Не скрывая радостного облегчения, Ольга торопливо убрала блокнотик в сумку и подскочила с дивана, готовая подорваться куда угодно, только бы прочь из душного помещения и от душного преподавателя.
— Да я, собственно, на сегодня вроде как и закончил, — развёл руками Кульчицкий.
Он аккуратно снял с доски наглядное пособие и бережно скрутил его в рулон, после чего с достоинством покинул оперскую, сопровождаемый чуть слышным шепотком Тараса: «Э-эх, везет же людям! Еще только первый час, а человек уже того — кончил».
— Виталий, если что — мы в следственном, — предупредил Мешок, направляясь к выходу.
— Это у Викула, что ли? — уточнил Вучетич.
— У него, будь он неладен. Всё, Ольга Николаевна, поехали.

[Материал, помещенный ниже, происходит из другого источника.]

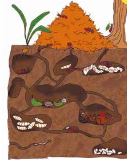
Схема облаштування мурашника

Будівельними роботами в гнізді займаються лише робочі мурашки, головним знаряддям праці яких є могутні щелепи. Робочі мурашки славляться своєю солідарністю, допомагають одне одному, діють спільно. Обов'язок солдатів – охорона мурашника. Коли трапиться велика жертва, солдати гуртом розривають її на шматочки.

Северова проводила ушедшую парочку не то недобрым, не то ревнивым взглядом, вытянула из пачки сигарету и, направляясь в курилку, бросила Холину сердитое:
— Если ваш молодой снова заблюет весь туалет, то я не знаю что с ним сделаю!
— Да ладно тебе, Натаха. С кем не бывает, — миролюбиво отозвался Григорий. Однако призадумался и вскоре вышел вслед за Северовой, бормоча под нос: «В самом деле, надо бы проверить как он там, бедолага».
Шевченко, шумно зевая, поднялся с диванчика, с удовольствием, до хруста потянулся и подгрёб к собирающемуся отчалить в гараж Афанасьеву:
— Сергеич, погоди, не убирай мольберту! Дай заценить, что новенького намалевал.
Афанасьев протянул ему альбомчик и Тарас, бегло пролистав предыдущие, преимущественно пейзажные наброски-заготовочки, с интересом стал разглядывать свежеиспеченный карандашный рисунок с изображением Ольги.
— О, класс! Подаришь?
— Да забирай, — великодушно разрешил оперативный водитель.
— А ты только так рисовать можешь? Типа, что вижу, то и пишу. Или?… — поинтересовался Шевченко, осторожно вырывая и сворачивая листок.
— Или что?
— Можешь ты, к примеру, подключить свое пространственное… не знаю какое там… короче, воображение и изобразить, как выглядит этот же самый человек, но только без одежды? По пропорциям, по выпуклостям всяким…
— Хочешь, я тебя по выпуклостям нарисую? — улыбнулся Афанасьев.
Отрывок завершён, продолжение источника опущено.